# Simple slide-show software to create random slide show



## stephannand (Mar 11, 2005)

I'm having a family reunion on Saturday at which there will be a screen for a slideshow of photos. We have a folder of around 1500 pictures which we want shown on the night. I tried windows movie maker, spent hours arranging the photos so that they were in no particular order and in the end it couldn't deal with the large file size. I have also tried smilebox but it won't let me import the photos en masse and I can't be bothered individually clicking 'add' on them all.

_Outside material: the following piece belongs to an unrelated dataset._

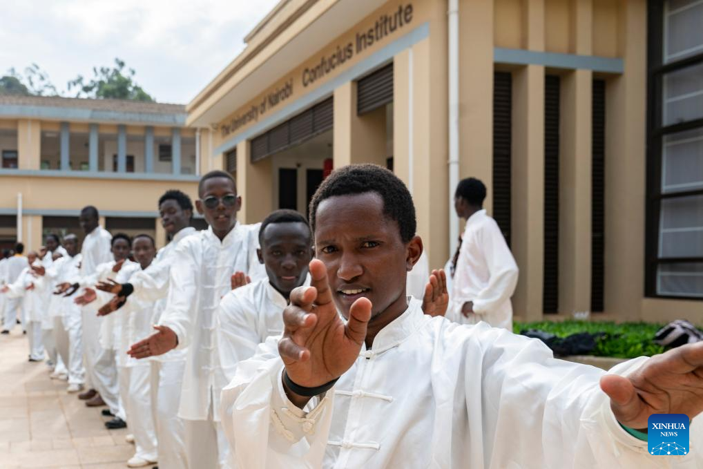 NAIROBI, 19 marzo, 2026 (Xinhua) -- Imagen del 18 de marzo de 2026 de estudiantes practicando Taijiquan, un tipo de arte marcial tradicional chino, en el Instituto Confucio de la Universidad de Nairobi, en Nairobi, Kenia. Con motivo del primer Día Internacional del Taijiquan, el Instituto Confucio de la Universidad de Nairobi promovió la cultura tradicional china e impulsó el intercambio cultural entre China y Kenia mediante la enseñanza de la historia y los antecedentes culturales del Taijiquan, así como la organización de estudiantes para aprender y practicar este arte marcial. El 5 de noviembre de 2025, la Organización de las Naciones Unidas para la Educación, la Ciencia y la Cultura (UNESCO) adoptó una resolución en su 43 sesión de la Conferencia General, designando el 21 de marzo, equinoccio de primavera en el hemisferio norte, como Día Internacional del Taijiquan. (Xinhua/Xie Jianfei)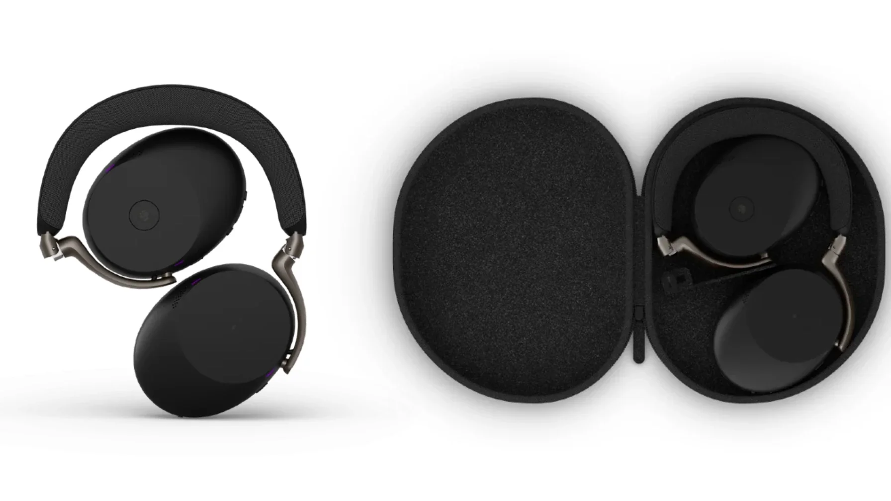 Both models ship with the headset, a Link 390 Bluetooth adapter (USB-A or USB-C depending on SKU), a compact travel case, a USB-C charging cable, and a 3.5mm audio cable for wired use. Select SKU bundles also include the Jabra Evolve Wireless Charging Pad. Replacement ear cushions and battery packs are available as standalone accessories for long-term maintenance.

Basically I want a simple software that will allow me to add all 1500 photos at once and will jumble them up for me so that they're not in alphabetical order (the way shuffle would work on an ipod, no picture would be shown twice). Any suggestions welcome asap. Thanks


----------



## Noyb (May 25, 2005)

I'd use the freeware Irfanview and have it make a slide show.


----------



## Knotbored (Jun 5, 2004)

You might consider just making the screensaver work.
Right click on a blank area of your desktop
choose properties/screensaver
choose MY PICTURES SLIDESHOW
choose monitor power-set it to an extended period-perhaps an hour
Play with the settings to get interesting views


----------



## bp936 (Oct 13, 2003)

I use *Preclick* for years, Best redeye removal, excellent for burning CD slideshows and you can arrange pictures in any way You can just run it on a DVD player and carry it with you,make copies for other people. 
http://www.preclick.com/download.php?site=update29SW

If you just want to run from the computer I also use Irfanview (free) or ACDSee, (bought version)


----------